» **RECORDS**:
- - - -

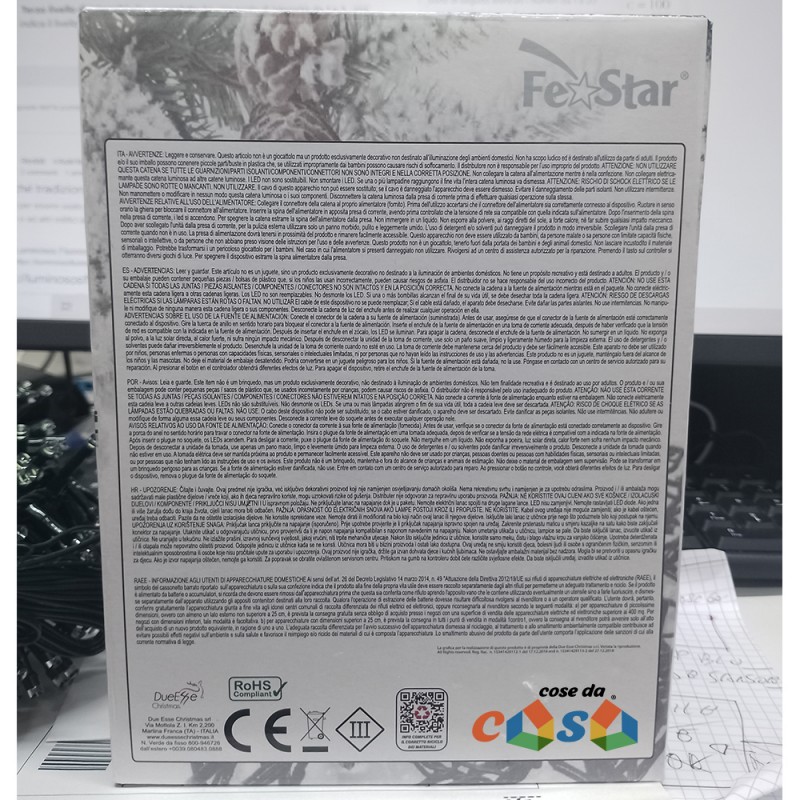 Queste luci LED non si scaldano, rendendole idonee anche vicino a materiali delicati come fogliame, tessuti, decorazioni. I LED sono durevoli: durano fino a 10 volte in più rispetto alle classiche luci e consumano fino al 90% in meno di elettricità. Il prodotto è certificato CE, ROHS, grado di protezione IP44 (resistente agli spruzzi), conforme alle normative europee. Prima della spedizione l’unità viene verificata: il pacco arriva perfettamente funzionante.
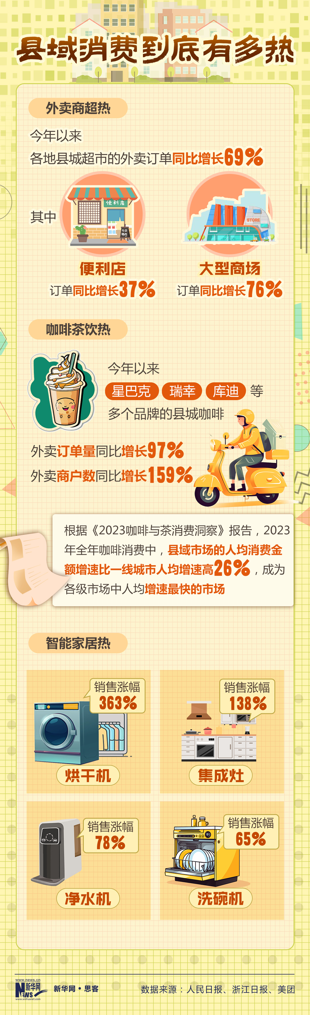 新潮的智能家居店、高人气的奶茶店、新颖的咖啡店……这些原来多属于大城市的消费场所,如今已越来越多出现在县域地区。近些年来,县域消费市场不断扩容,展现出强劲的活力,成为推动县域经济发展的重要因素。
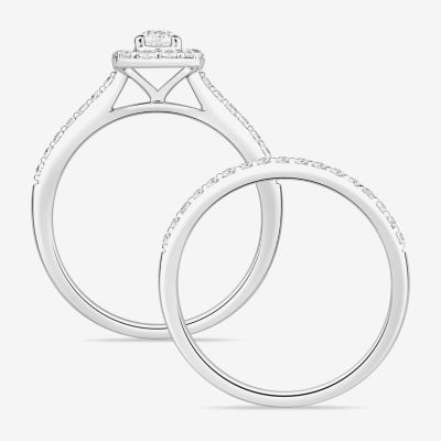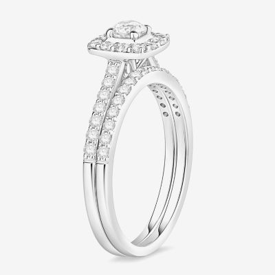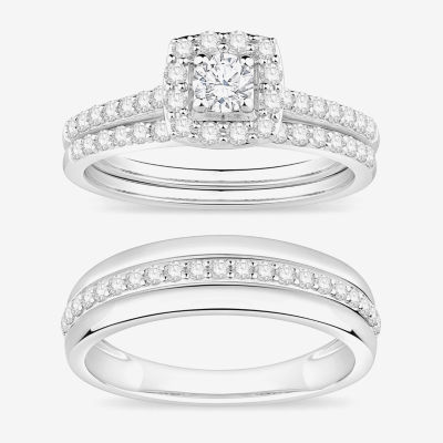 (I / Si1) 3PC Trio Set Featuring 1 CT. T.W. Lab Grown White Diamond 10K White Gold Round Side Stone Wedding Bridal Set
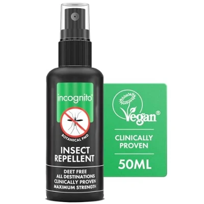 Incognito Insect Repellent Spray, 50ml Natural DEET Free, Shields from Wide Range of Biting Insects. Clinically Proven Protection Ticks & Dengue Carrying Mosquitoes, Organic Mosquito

- - - -

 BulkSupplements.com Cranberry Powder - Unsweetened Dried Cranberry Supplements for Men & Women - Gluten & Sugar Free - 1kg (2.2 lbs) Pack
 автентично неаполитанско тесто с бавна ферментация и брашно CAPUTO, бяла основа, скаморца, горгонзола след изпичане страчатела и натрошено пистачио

- - - -

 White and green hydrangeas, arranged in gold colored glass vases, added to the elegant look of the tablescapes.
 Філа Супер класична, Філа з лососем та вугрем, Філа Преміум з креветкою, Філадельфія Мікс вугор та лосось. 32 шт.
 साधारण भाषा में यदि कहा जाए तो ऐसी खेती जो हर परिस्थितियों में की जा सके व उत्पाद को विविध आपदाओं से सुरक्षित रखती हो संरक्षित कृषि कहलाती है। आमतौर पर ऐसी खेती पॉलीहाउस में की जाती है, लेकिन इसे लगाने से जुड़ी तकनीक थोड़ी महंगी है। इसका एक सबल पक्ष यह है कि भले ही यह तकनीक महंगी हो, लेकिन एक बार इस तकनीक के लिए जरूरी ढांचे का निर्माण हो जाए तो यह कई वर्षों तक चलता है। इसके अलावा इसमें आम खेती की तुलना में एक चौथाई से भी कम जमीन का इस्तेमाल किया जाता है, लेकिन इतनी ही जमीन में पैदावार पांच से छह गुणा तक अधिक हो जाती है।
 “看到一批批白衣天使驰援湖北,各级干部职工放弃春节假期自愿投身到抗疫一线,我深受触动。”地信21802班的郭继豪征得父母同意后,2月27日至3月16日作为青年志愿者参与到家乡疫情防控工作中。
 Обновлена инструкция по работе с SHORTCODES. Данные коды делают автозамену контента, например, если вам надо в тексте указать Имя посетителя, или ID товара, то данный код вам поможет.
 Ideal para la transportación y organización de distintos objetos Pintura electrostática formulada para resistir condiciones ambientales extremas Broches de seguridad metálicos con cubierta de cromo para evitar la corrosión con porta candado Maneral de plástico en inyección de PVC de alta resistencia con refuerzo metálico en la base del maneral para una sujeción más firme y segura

- - - -

» **EXERCISE INSTRUCTIONS**:
Could you reproduce, exactly, every line above from the line with "White and green" to the line with "Ideal para la", and no other line? Both ends count.

» **ANSWER BELOW**:
 White and green hydrangeas, arranged in gold colored glass vases, added to the elegant look of the tablescapes.
 Філа Супер класична, Філа з лососем та вугрем, Філа Преміум з креветкою, Філадельфія Мікс вугор та лосось. 32 шт.
 साधारण भाषा में यदि कहा जाए तो ऐसी खेती जो हर परिस्थितियों में की जा सके व उत्पाद को विविध आपदाओं से सुरक्षित रखती हो संरक्षित कृषि कहलाती है। आमतौर पर ऐसी खेती पॉलीहाउस में की जाती है, लेकिन इसे लगाने से जुड़ी तकनीक थोड़ी महंगी है। इसका एक सबल पक्ष यह है कि भले ही यह तकनीक महंगी हो, लेकिन एक बार इस तकनीक के लिए जरूरी ढांचे का निर्माण हो जाए तो यह कई वर्षों तक चलता है। इसके अलावा इसमें आम खेती की तुलना में एक चौथाई से भी कम जमीन का इस्तेमाल किया जाता है, लेकिन इतनी ही जमीन में पैदावार पांच से छह गुणा तक अधिक हो जाती है।
 “看到一批批白衣天使驰援湖北,各级干部职工放弃春节假期自愿投身到抗疫一线,我深受触动。”地信21802班的郭继豪征得父母同意后,2月27日至3月16日作为青年志愿者参与到家乡疫情防控工作中。
 Обновлена инструкция по работе с SHORTCODES. Данные коды делают автозамену контента, например, если вам надо в тексте указать Имя посетителя, или ID товара, то данный код вам поможет.
 Ideal para la transportación y organización de distintos objetos Pintura electrostática formulada para resistir condiciones ambientales extremas Broches de seguridad metálicos con cubierta de cromo para evitar la corrosión con porta candado Maneral de plástico en inyección de PVC de alta resistencia con refuerzo metálico en la base del maneral para una sujeción más firme y segura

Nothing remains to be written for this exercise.